As seis horas da manhã desistiu. Separou as roupas sujas, limpou o carro e foi pra cidade. Cidade: um café, uma lanchonete, uma farmácia, uma lavanderia, um correio, uma loja de tudo, um salão de beleza, um mercadinho, uma videolocadora, um posto de gasolina. Tudo espalhado em dois quarteirões. Durante o dia lavou roupa, comprou meias, fez as unhas, cortou o cabelo, comprou uma garrafa de vinho, um estojinho de maquiagem e um hidratante cheiroso, na falta de perfume.

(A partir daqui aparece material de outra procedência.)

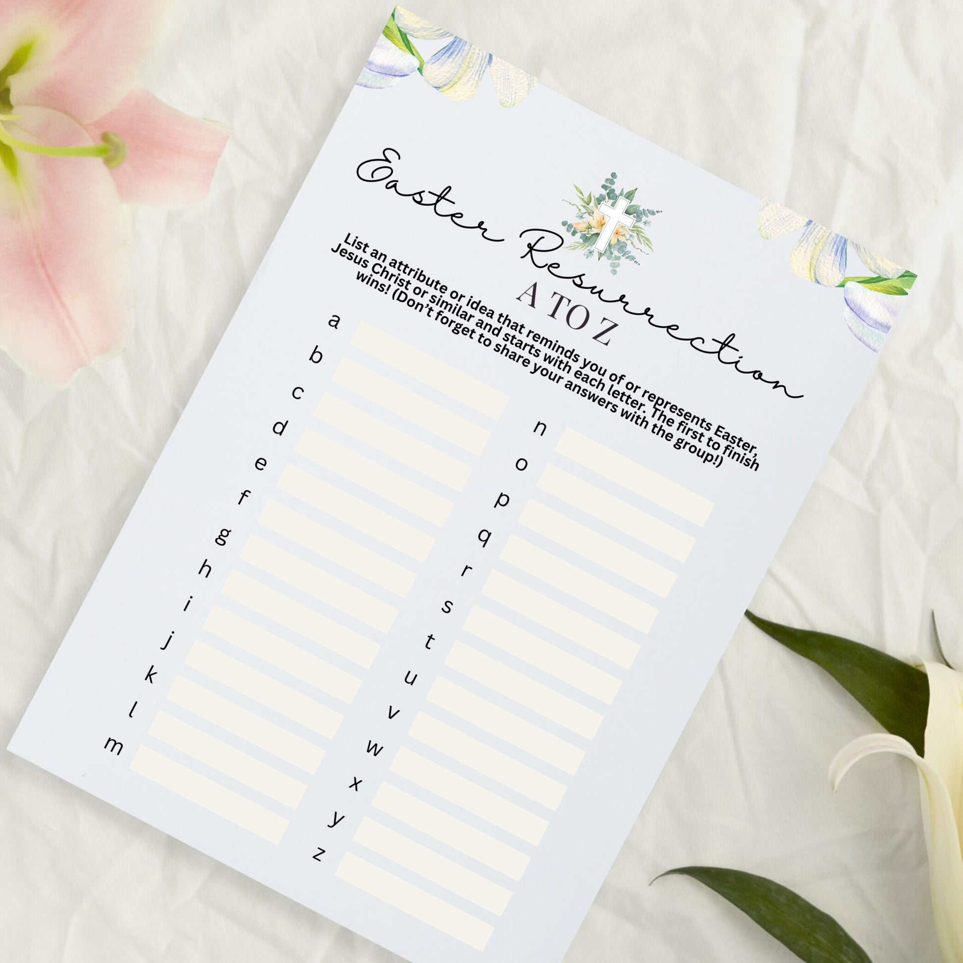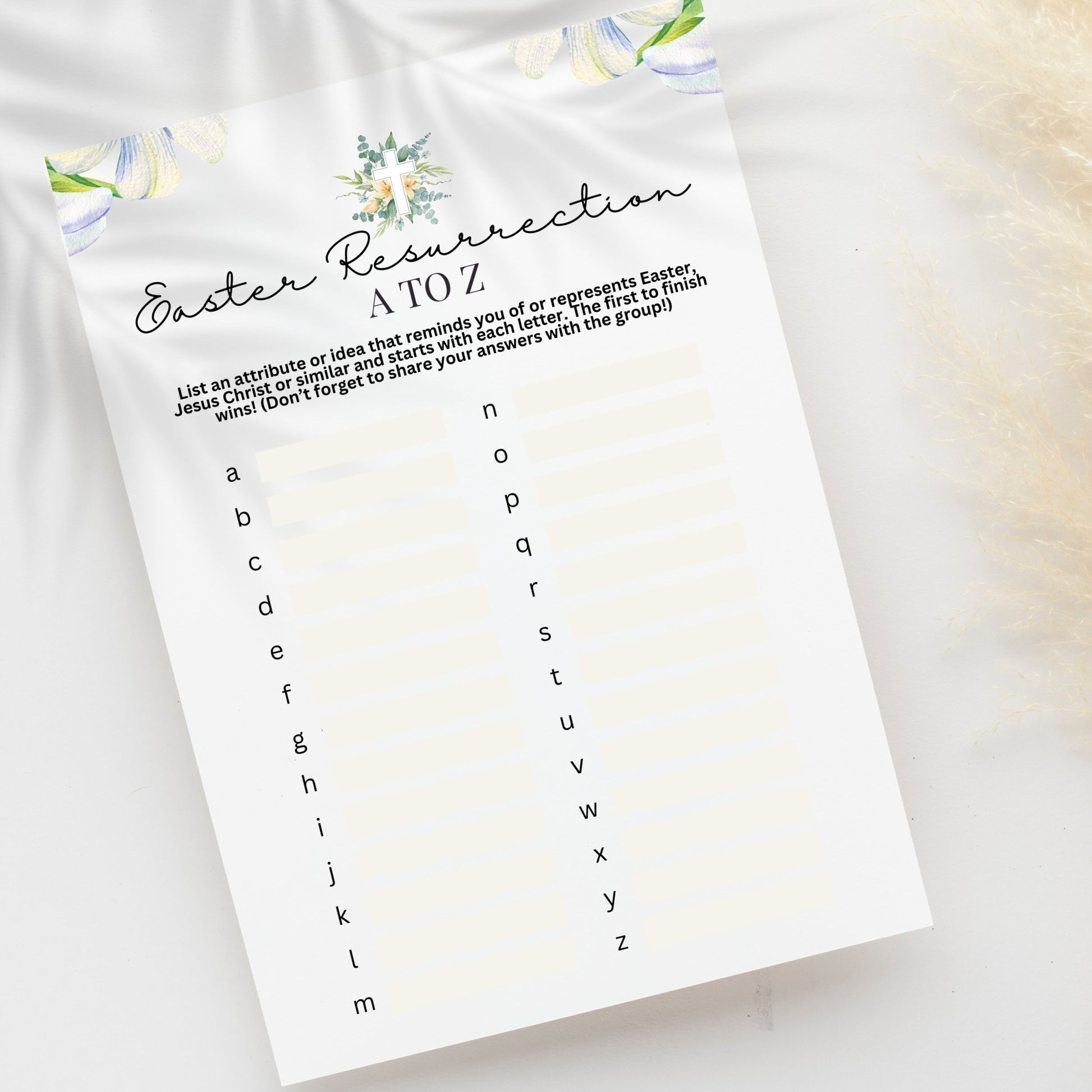 Guests are challenged to come up with as many Easter, Christian, or Biblical words starting with each letter from A to Z.

Voltou pro camping, tomou banho, vestiu uma roupa limpa e saiu pra passear. Era sábado e a cidade inteira estava na rua.Ela tenta decifrar os códigos e os rituais do lugar. Todos se cumprimentavam. O fluxo aumentava perto do bar local. Dois homens de chapéu de caubói riam de qualquer bobagem. Um terceiro parecido com o Mel Gibson chega a cavalo. Maverick! Melissa sorri. Não existe situação que não seja explicada pela Jodie Foster.

***

Ela entra no bar e procura uma das mesas de canto. Examina o cardápio, pensando se pede uma cerveja ou não, depois do vexame de quinta-feira. Olha em volta. Ninguém não bebe. E todos parecem felizes. É, uma cerveja vai cair bem. O garçon se aproxima e ela aponta na lista uma de nome alemão.
- Eu vou querer uma dessa aqui ó e... Você?!
- Ao seu dispor.
- Emprego novo?
- Eu disse que tinha uma entrevista.
- Parabéns.
Daniele ri.
- Não sei bem porque. Eu tenho 30 anos e sou garçonete.
- E daí?
- Daí que eu derrubo comida nas pessoas.
- É... talvez não seja seu maior talento.

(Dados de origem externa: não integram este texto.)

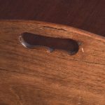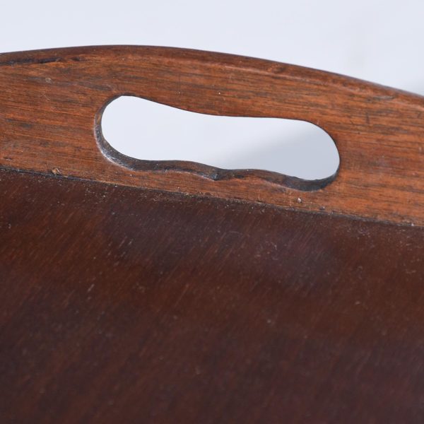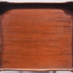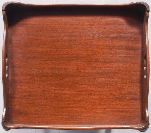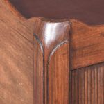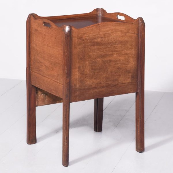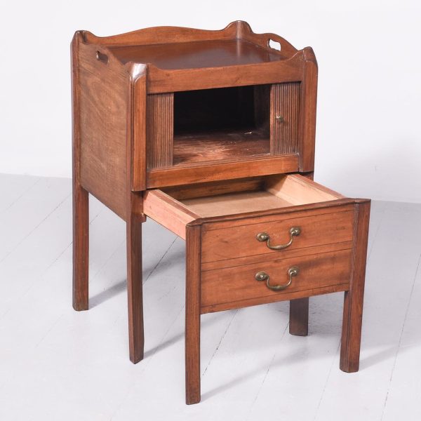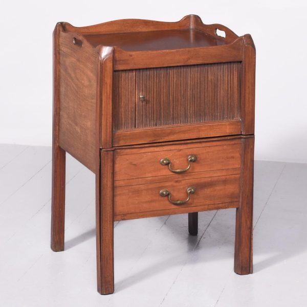 Circa 1790. George III tambour-front, tray-top bedside locker. The rectangular top with a shaped wrap around gallery with cut-out lifting handles above a tambour-front cupboard and two dummy drawers concealing one shallow drawer. All supported split, square legs.
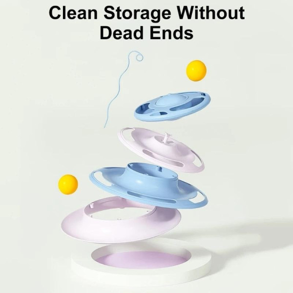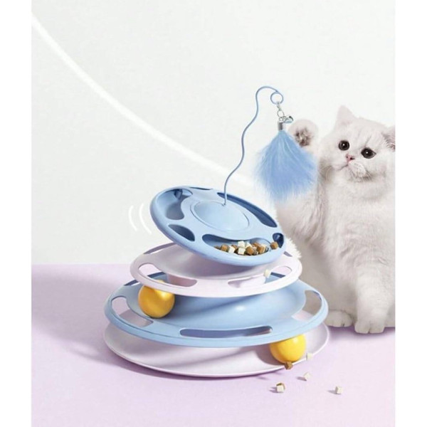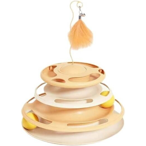 Інтерактивний ігровий трек для кішок із 4 рівнями, м'ячиками та пером на пружинці для активної гри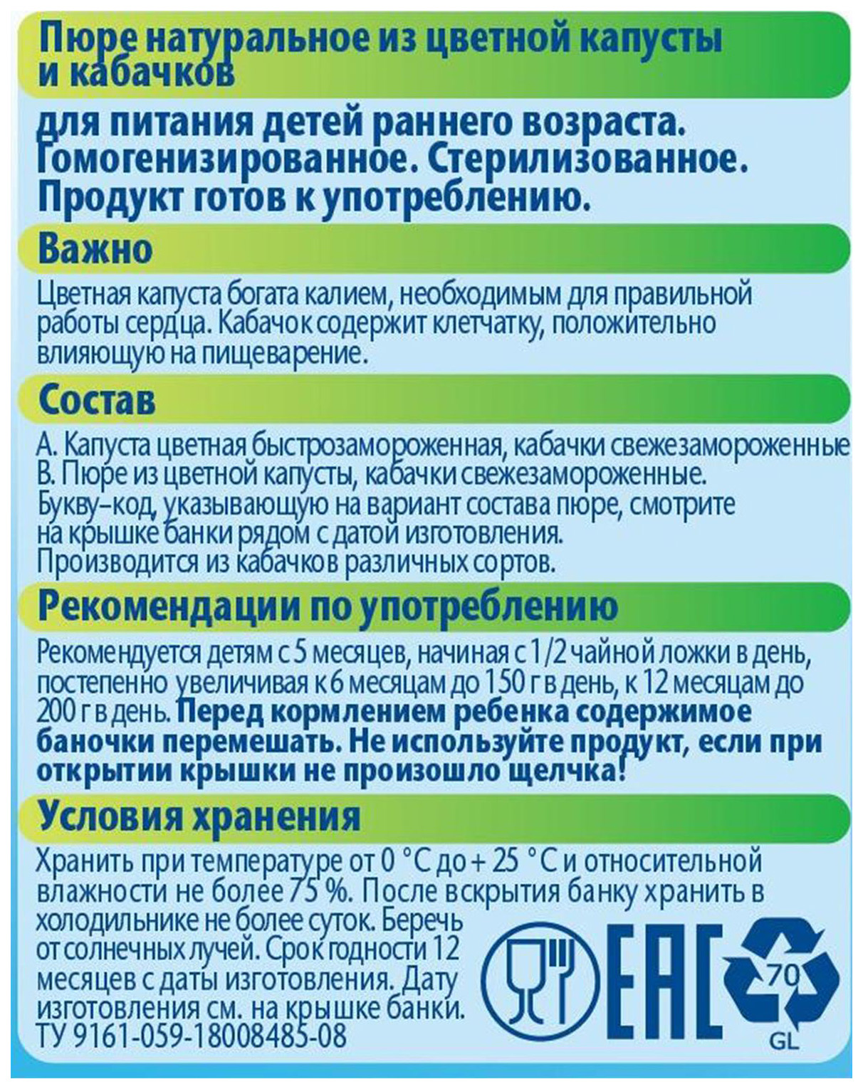 - Состав а; капуста цветная быстрозамороженная; кабачки свежезамороженные; в; пюре из цветной капусты; кабачки свежезамороженные; букву-код, указывающую на вариант состава пюре, смотри на крышке банки рядом с датой изготовления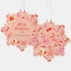 Ein niedliches Retro-Weihnachtsmuster mit Strümpfen, Weihnachtsmannmützen, Bausteinen und Heiligen in Rosa und Rot. Diese Schneeflockkarte kann als Geschenkkarte für Ihre Weihnachtsgeschenke verwendet werden. Personalisieren Sie es mit Ihren Namen(en) und fügen Sie es zu Ihren Geschenken.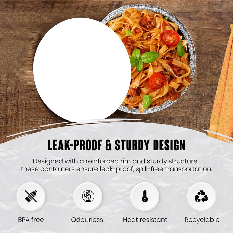 We Can Source It Ltd Aluminium Round Foil Food Container No 12 Take Away Box & Lids - 7inch Pack of 25 Containers & Lids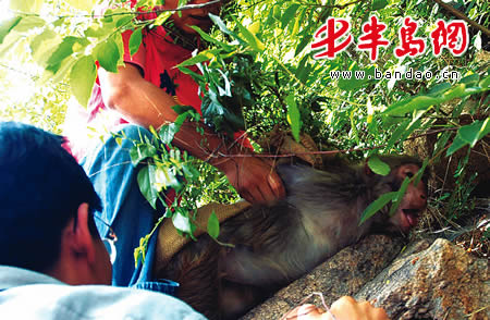 泼猴被麻醉吃杏叶"解毒" 诱捕行动再次失败(图)

- Espero que não. Uma dessaqui então?
- É.
- Pra comer?
- Não sei ainda.
- Aqui eu não posso te ajudar, não conheço o cardápio direito. Vou pegar sua bebida enquanto você escolhe.
- Tá.
Melissa volta a se concentrar no cardápio, mas um minuto depois é interrompida de novo.
- Melissa?
- Pedro!
- Você lembra.
- De certa forma você foi inesquecível.
Ele faz uma careta meio envergonhada.
- Pois é. Desculpa eu...
- Tudo bem.
- Sério, eu sou péssimo nisso de puxar assunto. Meus amigos tentaram me ensinar mas acho que... Acho que eles não são muito amigos.
- Tudo bem.
Ele não sabe mais o que dizer mas não sai dali. Ela decide torturá-lo um pouquinho e não fala nada. Até que se cansa de vê-lo sofrer.
- Quer sentar?
- Você não se importa?
- Não, não, tava escolhendo alguma coisa pra comer.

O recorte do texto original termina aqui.